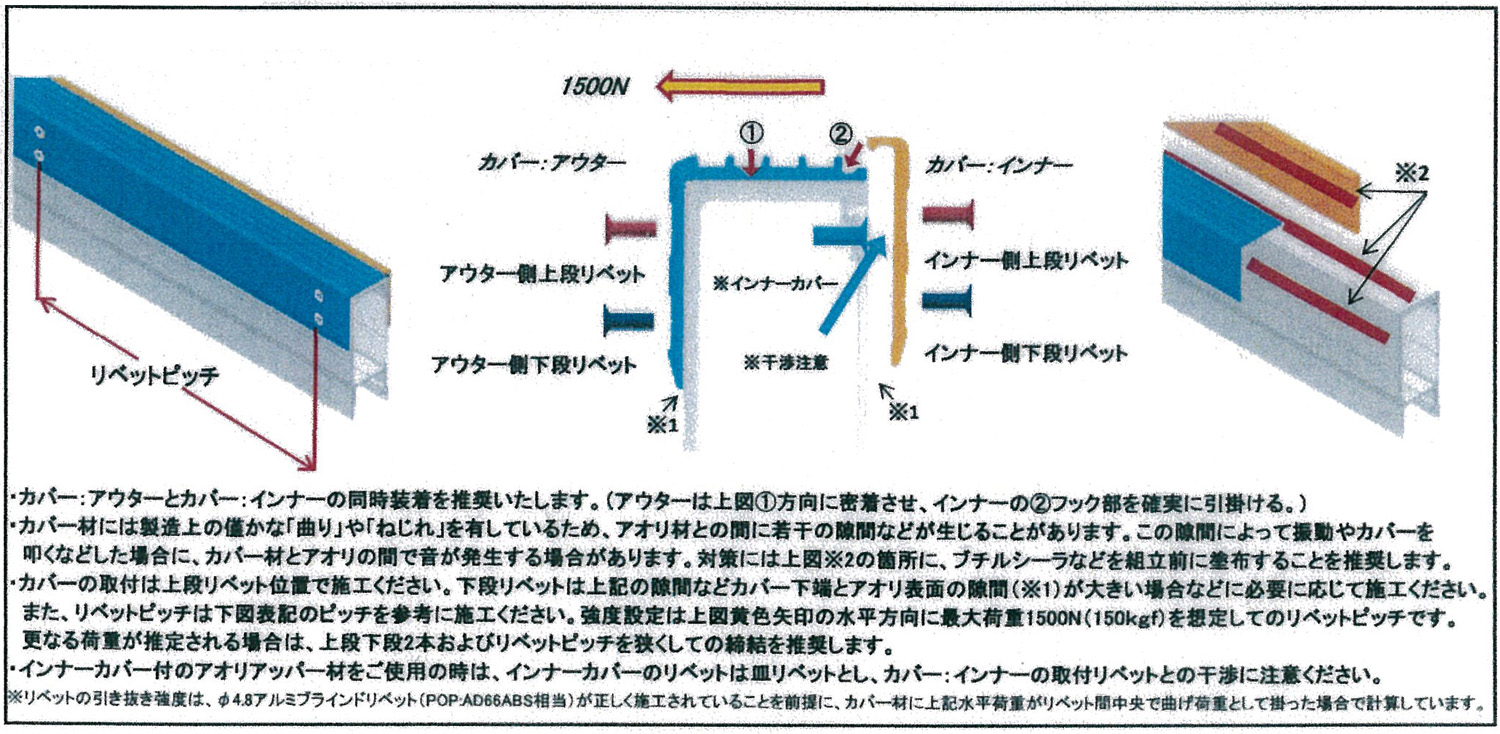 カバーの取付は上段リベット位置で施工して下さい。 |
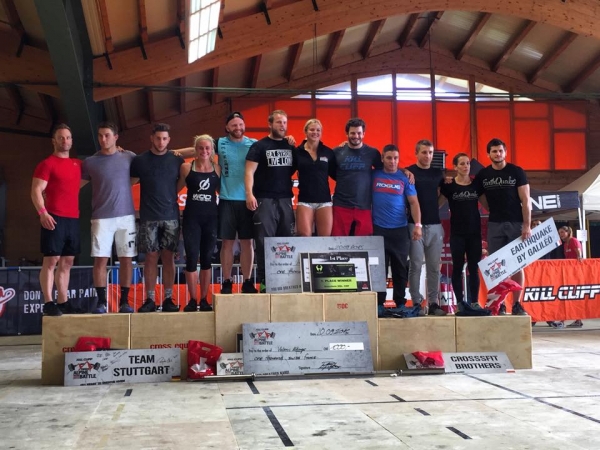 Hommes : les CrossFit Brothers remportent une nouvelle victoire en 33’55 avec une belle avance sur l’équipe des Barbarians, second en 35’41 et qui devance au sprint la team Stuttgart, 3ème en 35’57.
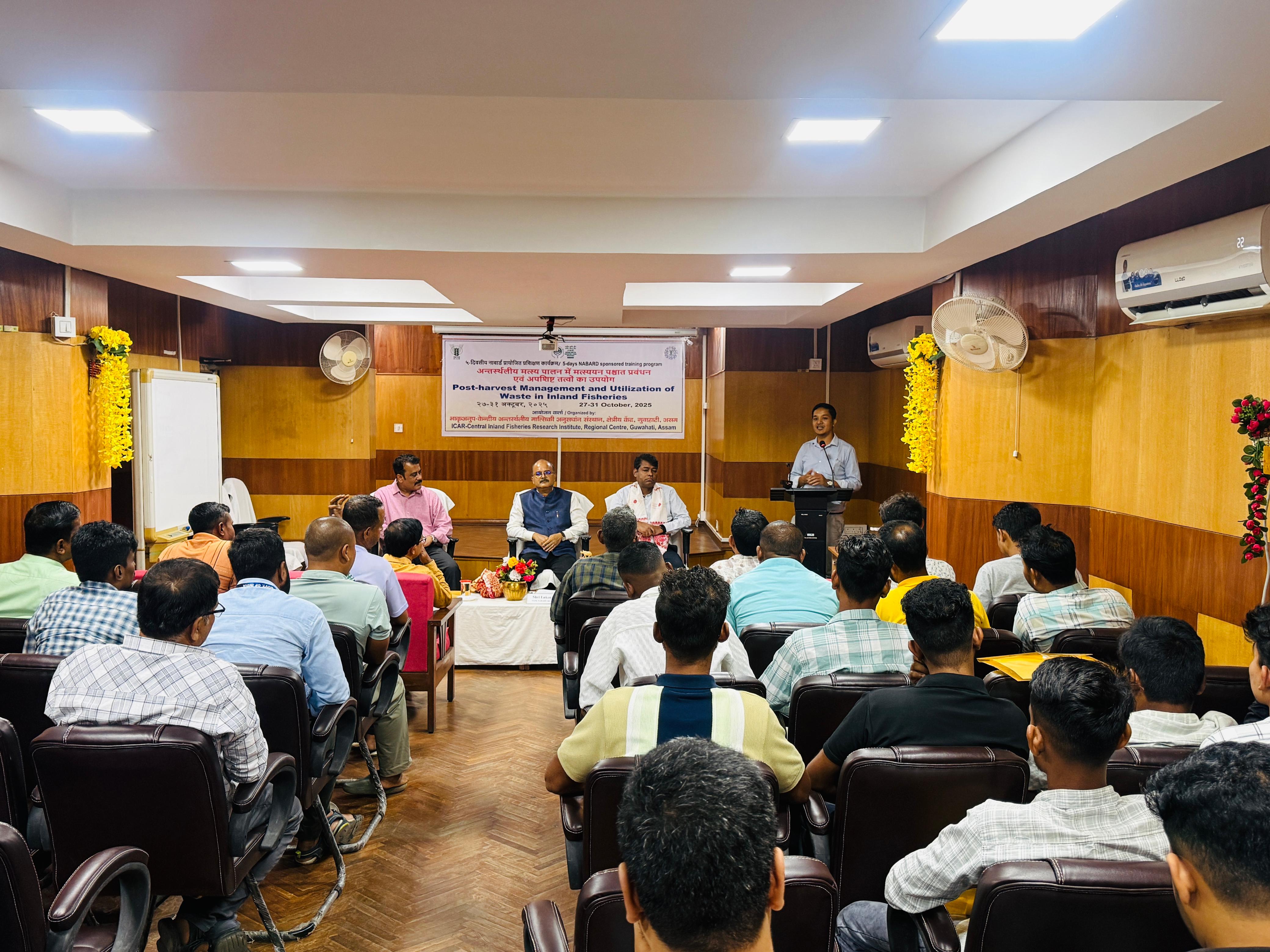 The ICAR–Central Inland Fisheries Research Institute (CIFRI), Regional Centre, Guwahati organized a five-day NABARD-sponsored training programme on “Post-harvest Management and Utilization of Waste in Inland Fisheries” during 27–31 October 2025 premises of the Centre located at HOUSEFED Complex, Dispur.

Work instructions. Give back, unaltered, each line of the listing from the first to the line that contains "Hommes : les", leaving every picture out.

Answer.
 カバーの取付は上段リベット位置で施工して下さい。 |
 Hommes : les CrossFit Brothers remportent une nouvelle victoire en 33’55 avec une belle avance sur l’équipe des Barbarians, second en 35’41 et qui devance au sprint la team Stuttgart, 3ème en 35’57.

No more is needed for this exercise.